Piecing together the various suggestions below, I have figured out this much.

I took the spray bottle of eau-de-musk-ox which the very lovely and terribly gracious Poppy gave me for Christmas, and disassembled the spray mechanism as far as I could without breaking anything. Which wasn't very far, because all that's there is the atomizer button (the thingy you push to produce a fine mist with a 10'/3m scatter pattern) and this spouty thing that goes up the aforementioned button.

Now, if you push down on the unbuttoned spouty thing you get a semi-healthy squirt of manly fragrance. The problem is that I see no way (thus far) of pushing down the spouty thingy without blocking the spouty thingy. That is, I wind up with several fluid ounces of manly fragrance dribbling down my arm.

Putting the bottle upside down to push against something, besides potentially blocking the spouty thingy, produces nothing, because the feeder tube is then nestling in a pocket of air.

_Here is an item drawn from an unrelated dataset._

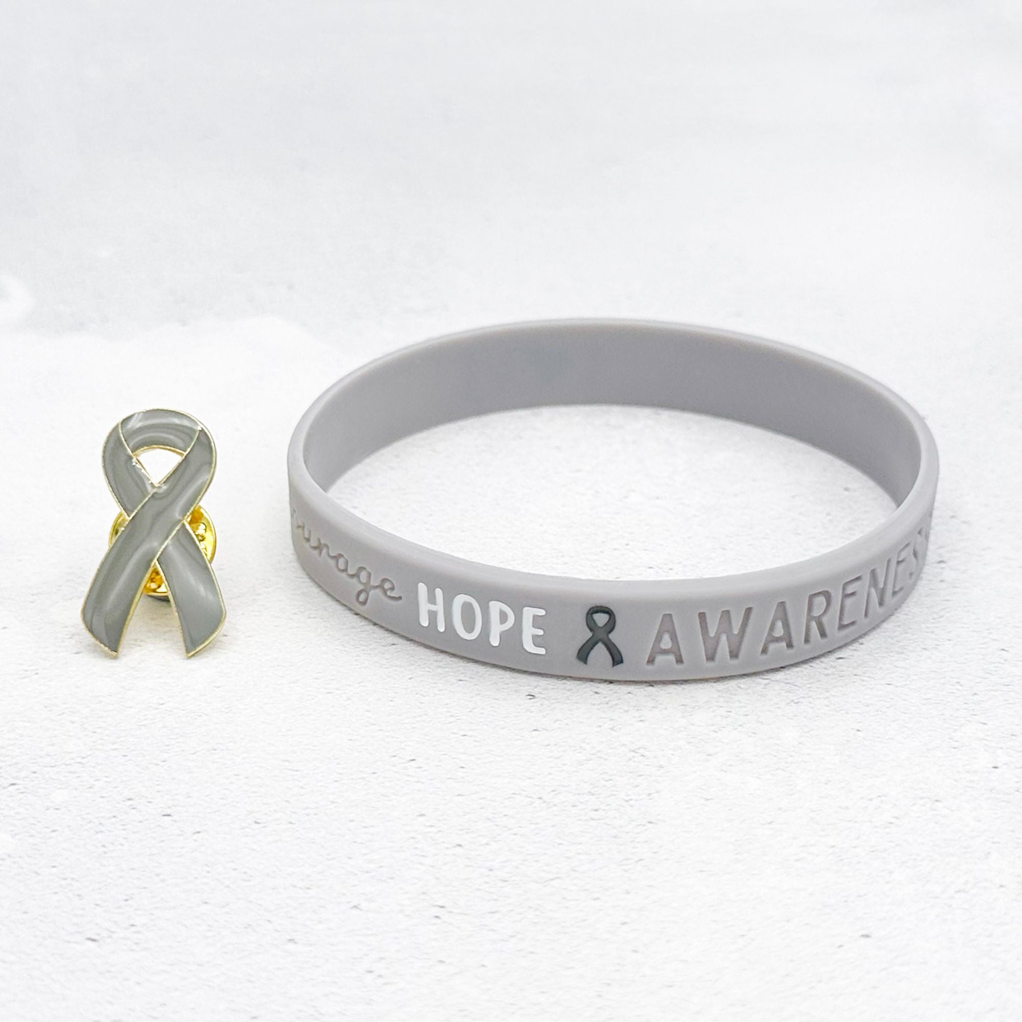 Show your support and honour loved ones with this meaningful grey awareness ribbon wristband.
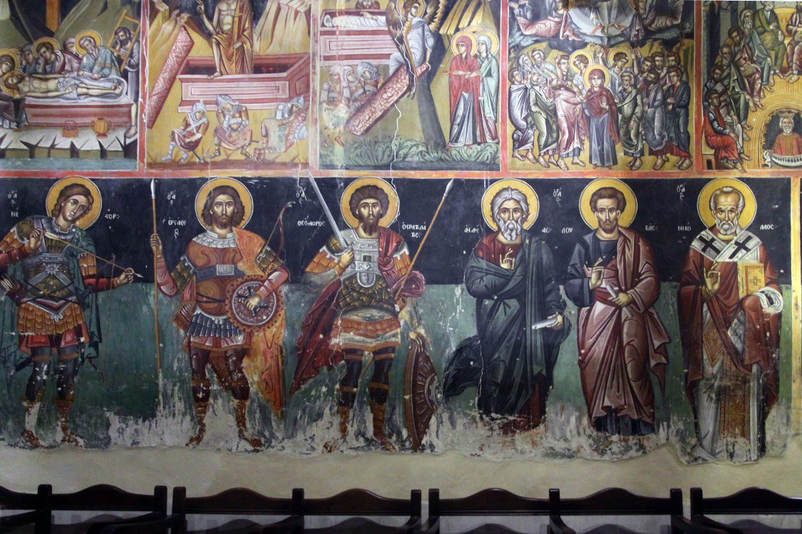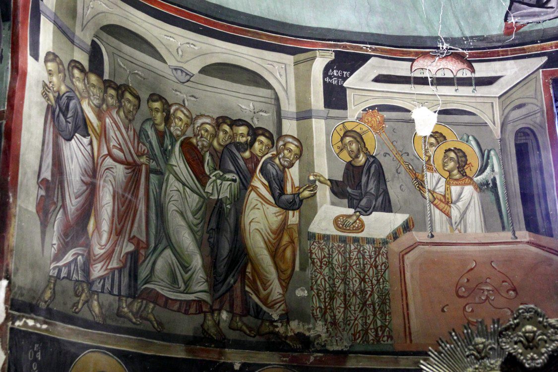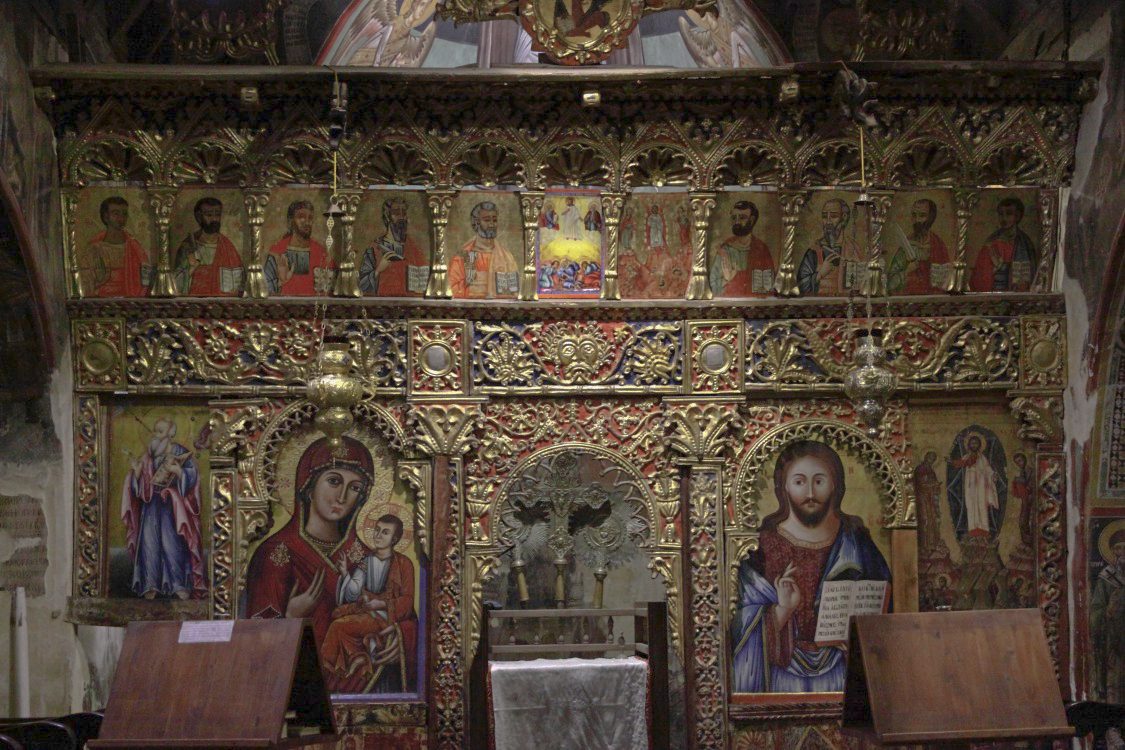 Biblical scenes unfold hierarchically: the apse holds the Transfiguration with Christ in radiant white, flanked by prophets, while walls show apostles’ lives and judgment motifs in the narthex. The style shows post-Byzantine influences with emotional faces and fluid drapery, but Cypriot rustic touches add warmer, more accessible figures, making theology approachable for rural audiences. A small iconostasis separates the nave from the altar, with carved wood panels from the 16th century adding floral motifs amid crosses. The overall design fuses modesty with symbolism, where architecture supports art in conveying faith’s messages.

My intentions therefore are to find some sort of thin, flexible-ish but rigid-ish tube (the sort used in fish tanks suggests itself), that will affix SNUGLY (so I can't type, Poppy, sue me) over the spouty thing that I may push down without blocking the spouty thingy and which will prove a conduit to the manly fragrance, to be decanted into the little sterling flask. (Which I think -- I'm not sure -- Poppy also gave me several years prior.)

Details to ensue,



blackbird said…
You're killing me with this.
Poppy Buxom said…
Hey! I just spotted a new word. At least, it's new to me. And I want to make sure I'm using it correctly. How's this?

Poppy's Husband: How did it go at choir rehearsal?

Poppy: Oh--it went simply SUNGLY!
Poppy Buxom said…
Oh, and by the way--I realize I'm wonderful and everything, but I'll bet the generous spirit who gifted you with all these rare fragrances and sterling silver dressing room bibelots was one of your other girlfriends.

I wouldn't put it past blackbird, for example. She never stops talking about you, so if you're getting anonymous mash emails--check the IP. It's probably her.

Or badger.

Kim is another possibility.
Joke said…

Alas, it was at "your deluxe apartment in the sky" where you very kindly gave me the Eau de Musk Ox.

Let me know if you'd like for me to refresh your memory further.

Joke said…
P.S. As I stated in the body of this piece, I can't be sure I received the tiny flask from you but what little circumstantial evidence there is, points in your general direction.
Badger said…
Okay (a) AS IF I'd send the likes of him a mash email -- all my mash emails to go Kim and Shula, and (2) what Blackbird said.
Poppy Buxom said…
Just kidding. I remember the eau de musk ox gifting as thought it were yesterday.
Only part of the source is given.